Na ja was heißt kaputt putzen ? Ich rede auch nicht davon die Rolle komplett zu zerlegen etwas bessere Rollen sind inzwischen so gut gekapselt das dies nicht nötig ist.Aber es gibt in meinen Augen nichts schädlicheres für Ruten und Rolle als der feine Sand den man nach dem Brandungsangeln prinzipiell mit in der Rutentasche hat und das ist Gift für jede noch so gute Rolle. Außerdem ist Salzwasser eine Lauge und sei sie noch so verdünnt und Laugen sind agressiv und hinterlassen nicht sofort aber langfristig Schäden . Ich erinnere mich dann gerne an meine Pilkerbox in Norwegen den Deckel offen gelassen bei der Rückfahrt ordentlich Spritzwasser in die selbe und über Nacht schön arbeiten lassen. Kurzum am nächsten Morgen war alles was nicht aus Edelstahl war mit einem schönen Rotbraun überzogen (ich weiß das der Salzgehalt wesentlich höher ist).

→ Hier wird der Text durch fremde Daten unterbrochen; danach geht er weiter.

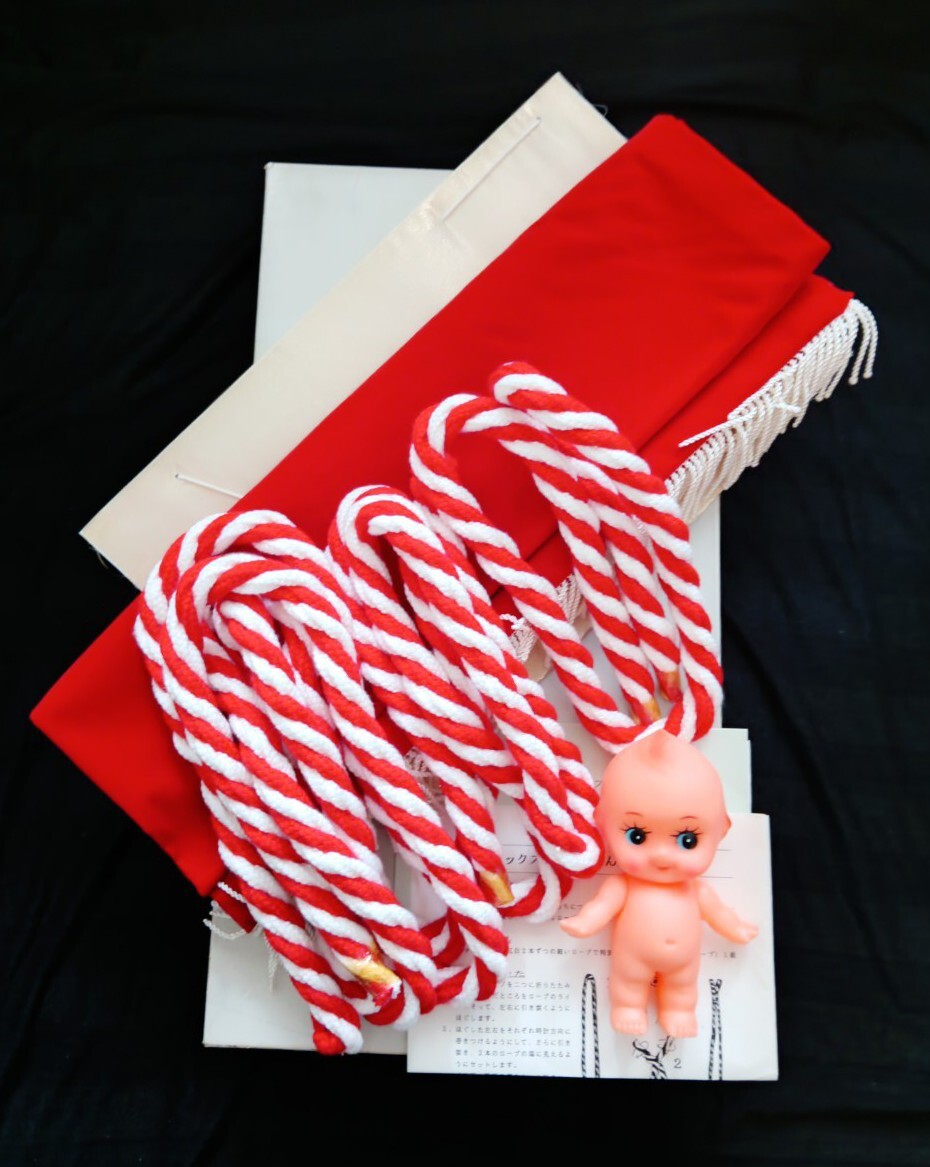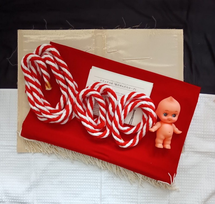 ★紅白ロープ3本:A-225cm、B-130cm、C-100cm、ロープの太さ 円周約6cm。
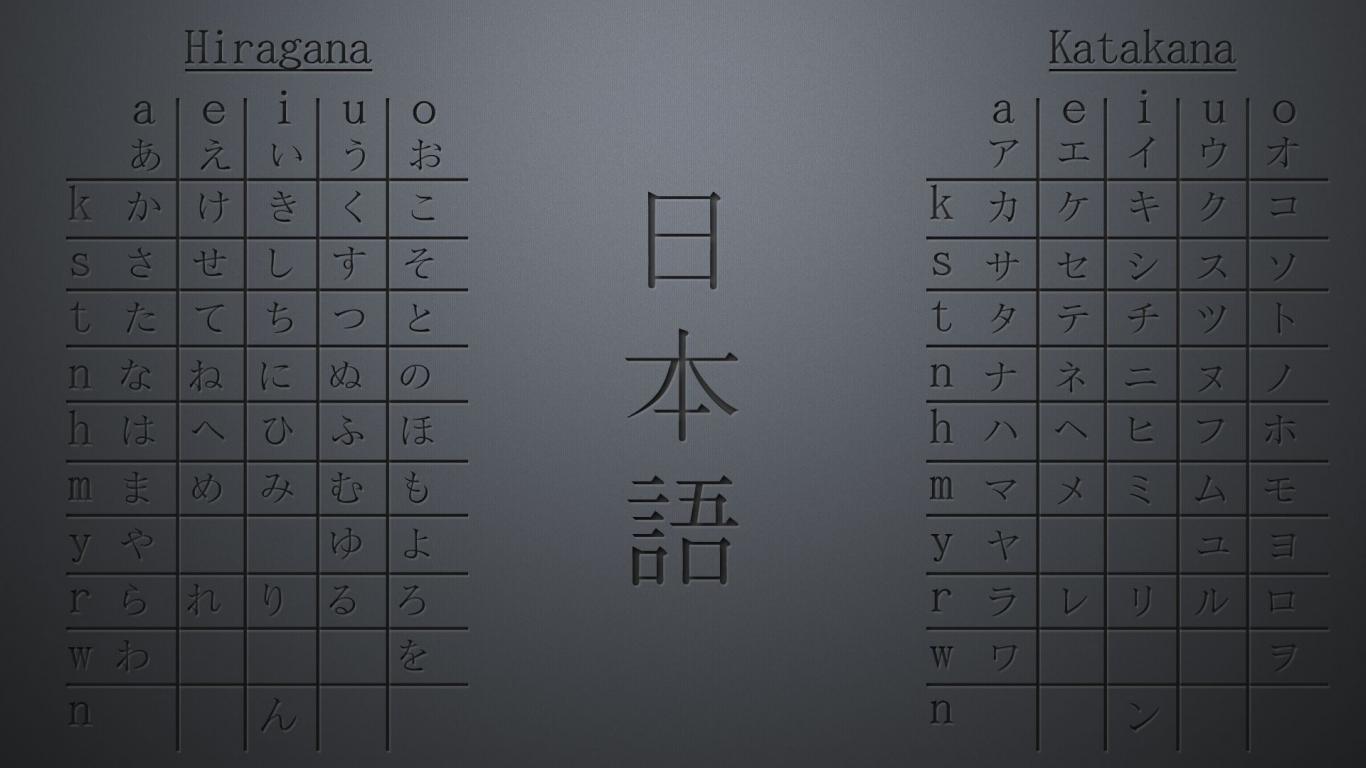 Обои Японский алфавит, серый фон

Oder als mein Freund sein Mefogeschirr ( Twin Power+Rute )nach dem Sommer aus seinem (feuchten) Keller holte. Er hatte sich beim letzten Watangeln damit lang gemacht die Rute und Rolle dabei einmal eingetaucht dann keine Lust mehr ab ins Futteral und ab in den Keller, als er sie im Herbst wieder hervor holte war von der Rutenberingung nicht mehr viel übrig und auch die Rolle war Schrottreif. Deshalb packe ich am morgen nach dem Angeln meine Angeln in die Dusche spüle sie mit lauwarmem Wasser ab löse die Bremse und stelle sie dann zum Trocknen ins Angelzimmer. Das Zeug is mir zu Teuer um so lieblos damit umzugehen und sieht so auch länger gut aus ich setze mich Nächte lang in Brandung dann hab ich auch die 5 min dafür übrig.
Ist meine Meinung jedem das Recht auf seine eigene

Ach so um nicht völlig am Thema vorbei zu reden ich bin auch auf dem Standpunkt Bremse voll zu beim Angeln !!! Nichts ist schmerzhafter als mit 150-200gr voll durch zu ziehen und jetzt fängt die zu lose eingestellte Bremse an die Spule frei zu geben der Finger fungiert dabei als Umlenkrolle  nur eben ohne bewegliche Teile .Jetzt denke ich noch an meine 17er geflochtene die ich fische . Tja die hört dann wohl erst am Knochen auf  zu sägen.AUA
gruß Andreas


----------



## Klaus S. (9. Januar 2012)

*AW: Brandungangeln und die Bremse ...*



schl.wetterangler schrieb:


> Nichts ist schmerzhafter als mit 150-200gr voll durch zu ziehen und jetzt fängt die zu lose eingestellte Bremse an die Spule frei zu geben der Finger fungiert dabei als Umlenkrolle  nur eben ohne bewegliche Teile .Jetzt denke ich noch an meine 17er geflochtene die ich fische . Tja die hört dann wohl erst am Knochen auf  zu sägen.AUA
> gruß Andreas



Stell dich nicht so an... :m


----------



## degl (9. Januar 2012)

*AW: Brandungangeln und die Bremse ...*



Klaus S. schrieb:


> Stell dich nicht so an... :m



Aber niemand soll hinterher sagen können: er wurde nicht gewarnt:m:m

gruß degl


----------



## Christian1982 (12. Januar 2012)

*AW: Brandungangeln und die Bremse ...*



prime caster 01 schrieb:


> hallo ich habe brandugns rollen die keine bremse haben und auch kein rucklauf
> 
> meine meinug gewicht sparen bremse und rücklauf brauch man nicht
> 
> gruss tom



btw. mit was für rollen gehts du den in die brandung dann?
Ich kanns mir nicht ohne eine Bremse und Rücklauf vorstellen. 
mir ist noch nichtmal eine ohne Bremse bekannt |kopfkrat.


----------



## Christian1982 (12. Januar 2012)

*AW: Brandungangeln und die Bremse ...*

Wenn ich im Küstenbereich Angeln gehe und das mit Brandungsruten sind meine Rollen generell so eingestellt das es keinen "mikro mm" an schnur gibt. Falls nötig kann ich dies ja fix nach justieren und dann die Bremse wieder dicht machen.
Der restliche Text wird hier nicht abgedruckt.